The Economist's Free Exchange raises the interesting question of whether academic credentials - like those of Ben Bernanke - are valuable for central bankers. Paul Volcker (Fed chairman, 1979-87) apparently takes a rather Stephen Colbert-ian view of the issue:
A central bank governor's most essential trait was "guts" and some management abilities, said Mr Volcker.
Guts?! Hmm... by that logic, perhaps Curt Schilling should replace Bernanke when his term expires, or maybe Ponch from "CHiPs"...

Free Exchange notes that
Mr Volcker does not have an economics PhD; he has a Harvard MA in political economy and two years of study at the London School of Economics. Despite this, he is frequently called the best central banker ever.
Volcker is often lauded for his "toughness" in presiding over the disinflation of the early 1980's, when the Fed tightened monetary policy (the Federal Funds rate exceeded 19% in mid-1981) to bring inflation down.
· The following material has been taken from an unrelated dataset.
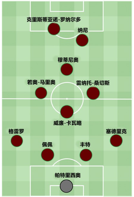 Squawka评分最高球员:C罗、纳尼、拉斐尔-格雷罗、夸雷斯马、佩佩

Undoubtedly, that episode was difficult for Volcker, who took some harsh criticism, but the truly severe consequences were suffered by the millions of workers who lost their jobs in the ensuing recession; the unemployment rate peaked at 10.8% in 1982.

The ardent praise sometimes lavished on Volcker for his "courage" in the "fight" against inflation reminds me of the scene from "Patton" when a soldier says: "There he goes, 'ol' blood 'n guts.'" His buddy replies: "Yeah, our blood, his guts."

Arguably, there was no painless way to put a stop to the inflation that had taken hold in the 1970's, but I sometimes like to think that a smart PhD economist might have found a way to do so with less damage.